§ **EXERCISE INSTRUCTIONS**: The data should be written out in full, exactly as it stands, and the pictures dropped.

§ **DATA SEGMENT**:
++++++++++++++++++++

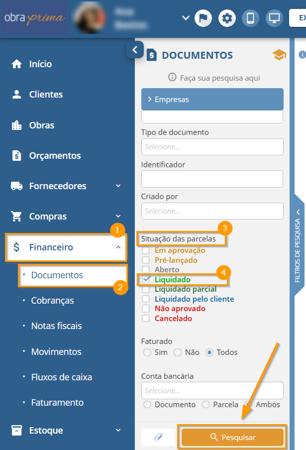 Acesse o módulo “Financeiro“ e clique em “Documentos“. Nos filtros laterais, procure o filtro de “Situação das parcelas” e selecione a situação “Liquidado” e clique em “Pesquisar“.
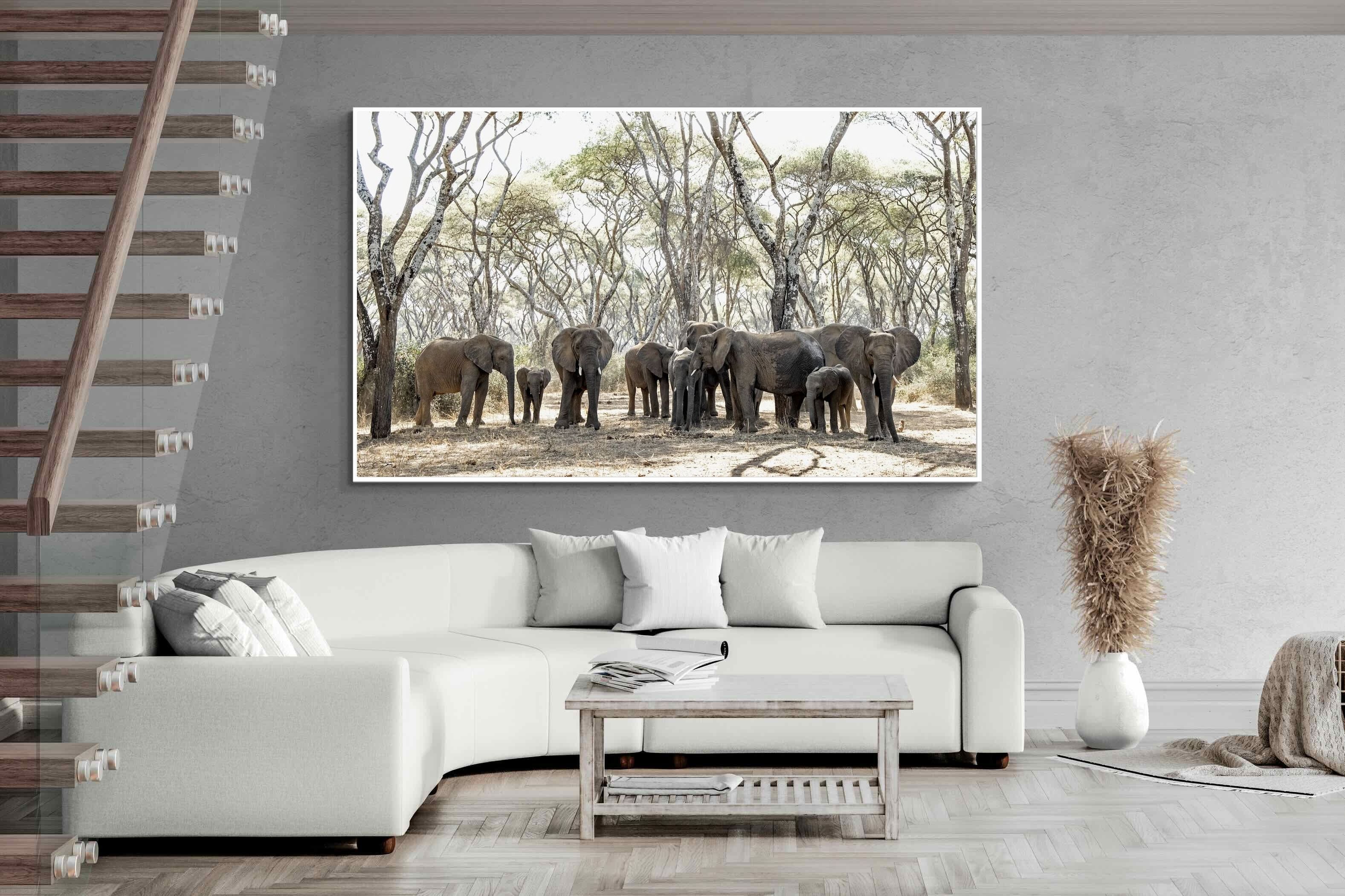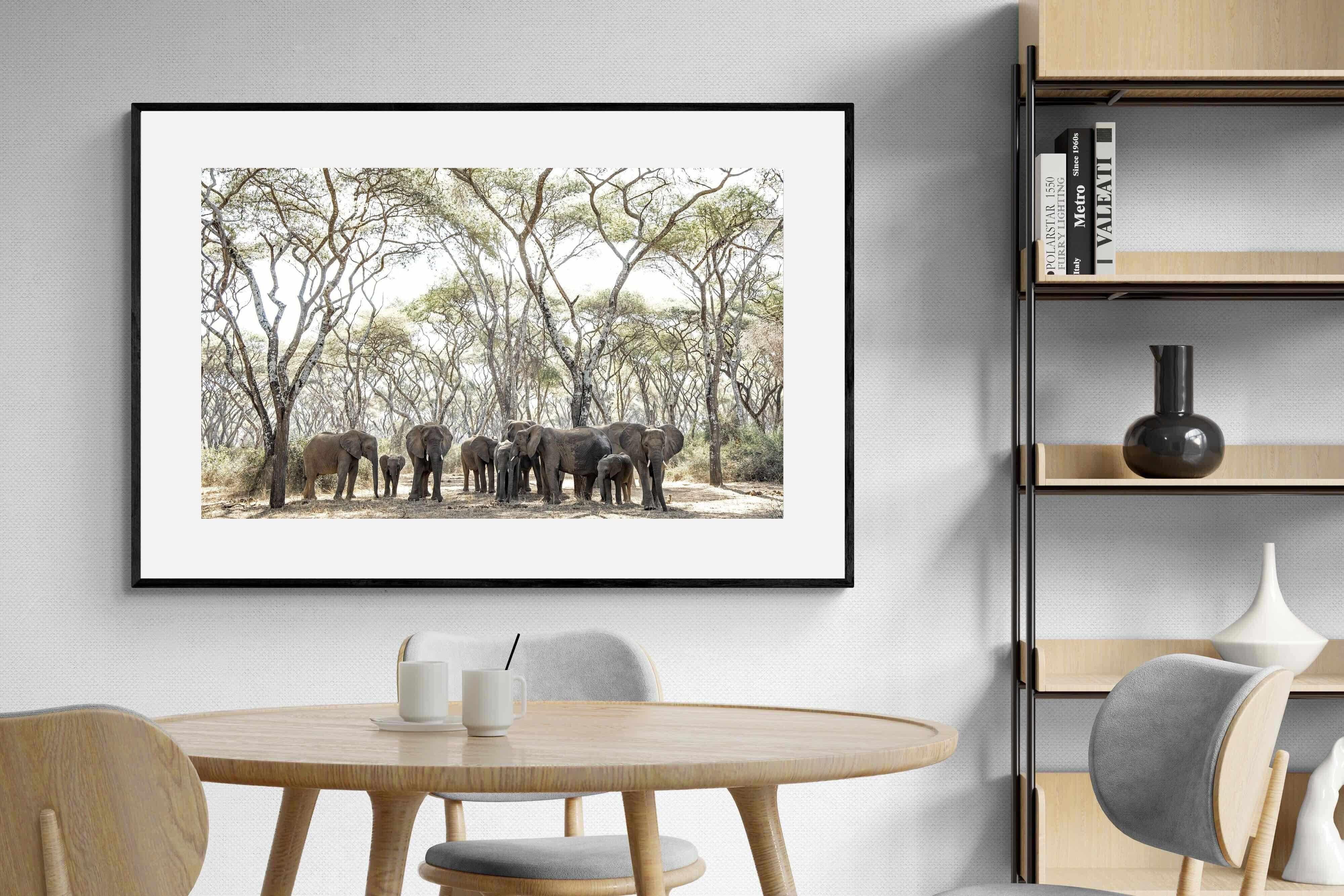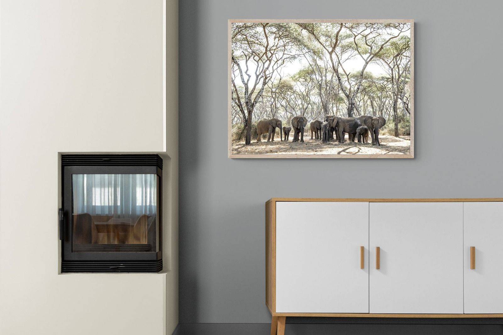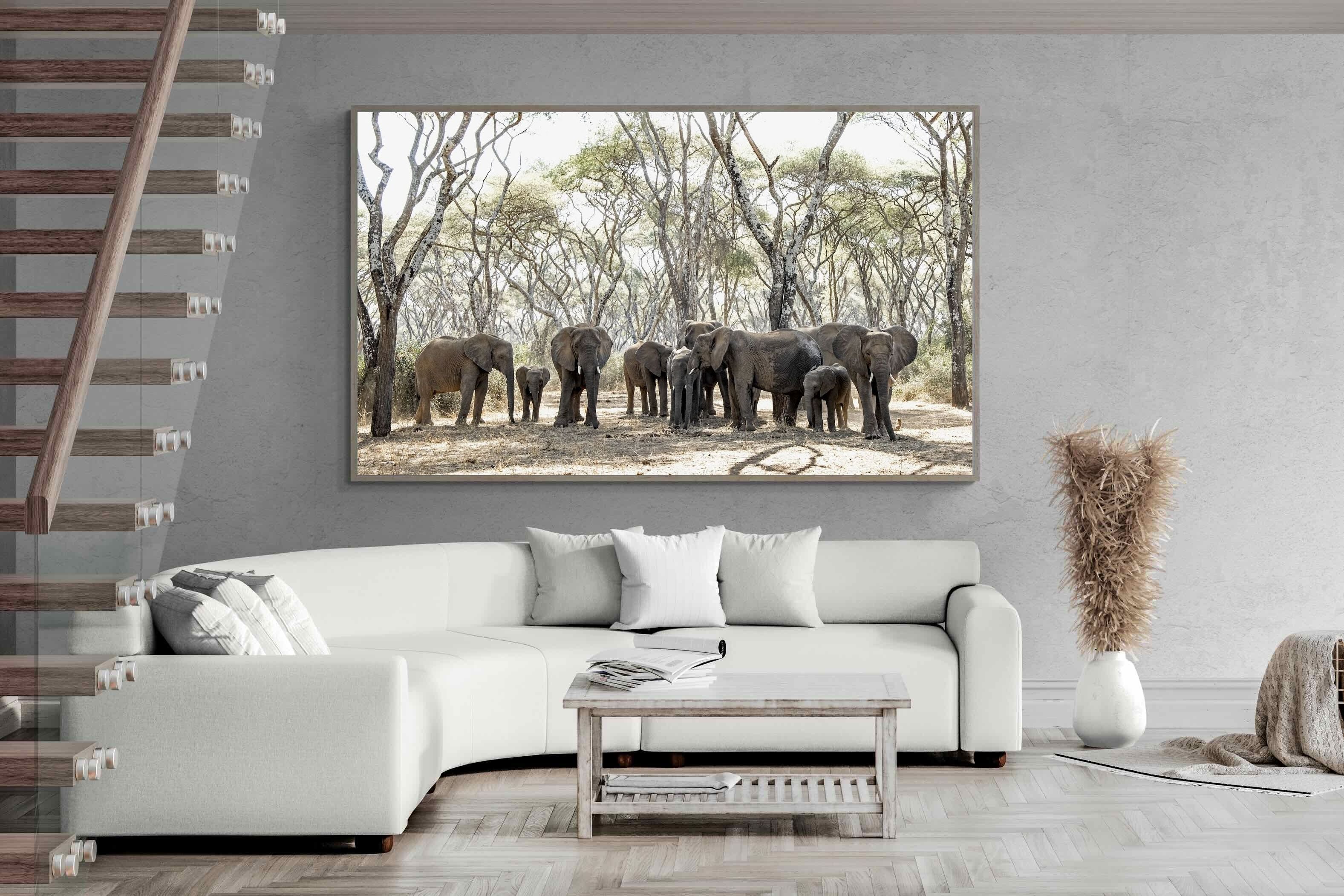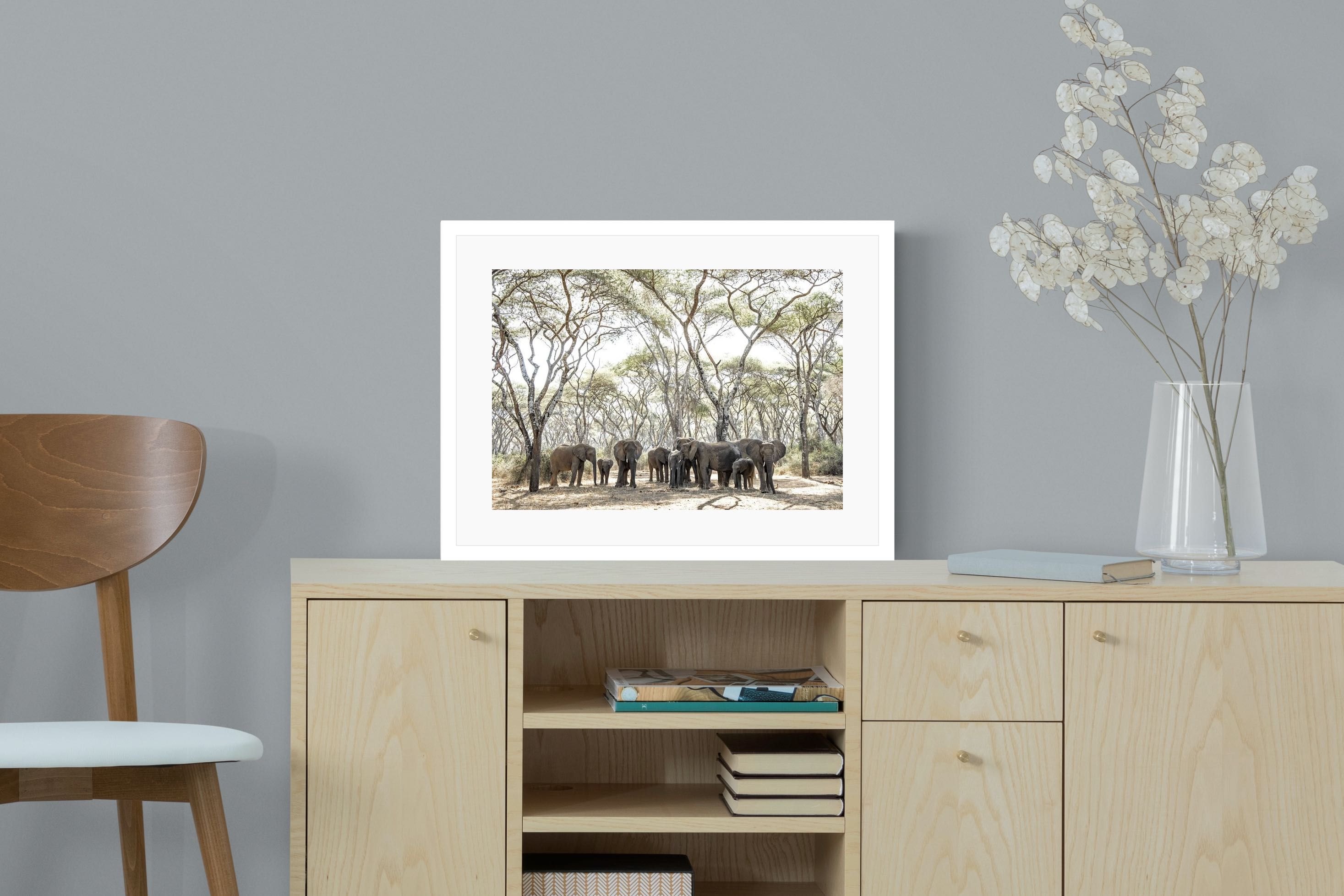 This fine art photograph by Jenny Hishin captures a tranquil herd of elephants beneath a canopy of light-filled umbrella trees. The soft tones of the forest and the majestic presence of the elephants create a peaceful, yet powerful connection with nature. Its calming earthy palette and minimalist composition make it ideal for contemporary home décor. The image invites contemplation and a sense of grounding, harmonising with modern aesthetics while bringing the beauty of wildlife into the space.
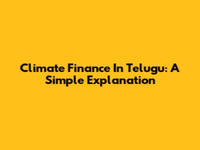 Climate Finance In Telugu: A Simple Explanation
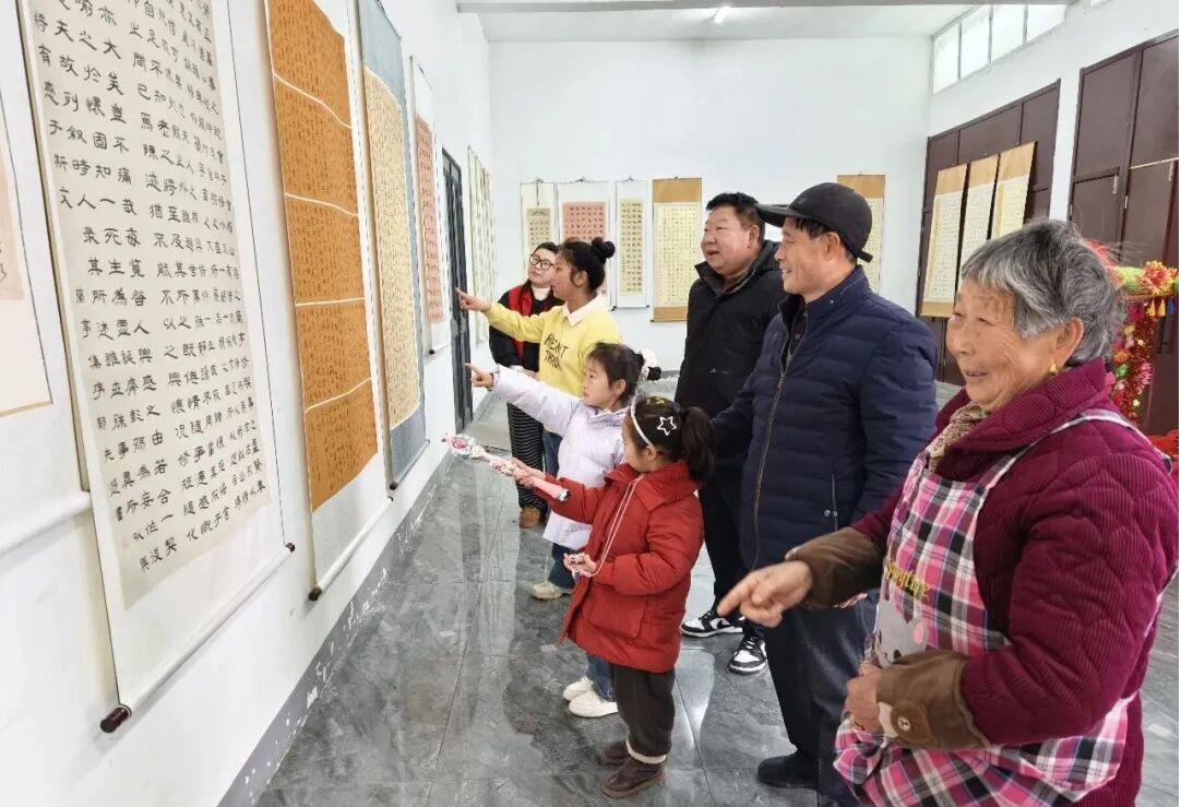 与此同时,白马湖村老影剧院里墨香氤氲,“湖润翰墨——郑先游书法作品展”在此启幕。作为土生土长的白马湖人,郑先游携数十幅精品力作回乡展出,作品涵盖隶、楷、行诸体,既有经典篇章,也有讴歌家乡风物的自创内容。展览吸引了众多村民扶老携幼前来观赏,大家驻足品鉴,在笔墨丹青中感受传统文化的魅力。

++++++++++++++++++++

§ **ANSWER FOR THIS EXERCISE**:
 Acesse o módulo “Financeiro“ e clique em “Documentos“. Nos filtros laterais, procure o filtro de “Situação das parcelas” e selecione a situação “Liquidado” e clique em “Pesquisar“.
 This fine art photograph by Jenny Hishin captures a tranquil herd of elephants beneath a canopy of light-filled umbrella trees. The soft tones of the forest and the majestic presence of the elephants create a peaceful, yet powerful connection with nature. Its calming earthy palette and minimalist composition make it ideal for contemporary home décor. The image invites contemplation and a sense of grounding, harmonising with modern aesthetics while bringing the beauty of wildlife into the space.
 Climate Finance In Telugu: A Simple Explanation
 与此同时,白马湖村老影剧院里墨香氤氲,“湖润翰墨——郑先游书法作品展”在此启幕。作为土生土长的白马湖人,郑先游携数十幅精品力作回乡展出,作品涵盖隶、楷、行诸体,既有经典篇章,也有讴歌家乡风物的自创内容。展览吸引了众多村民扶老携幼前来观赏,大家驻足品鉴,在笔墨丹青中感受传统文化的魅力。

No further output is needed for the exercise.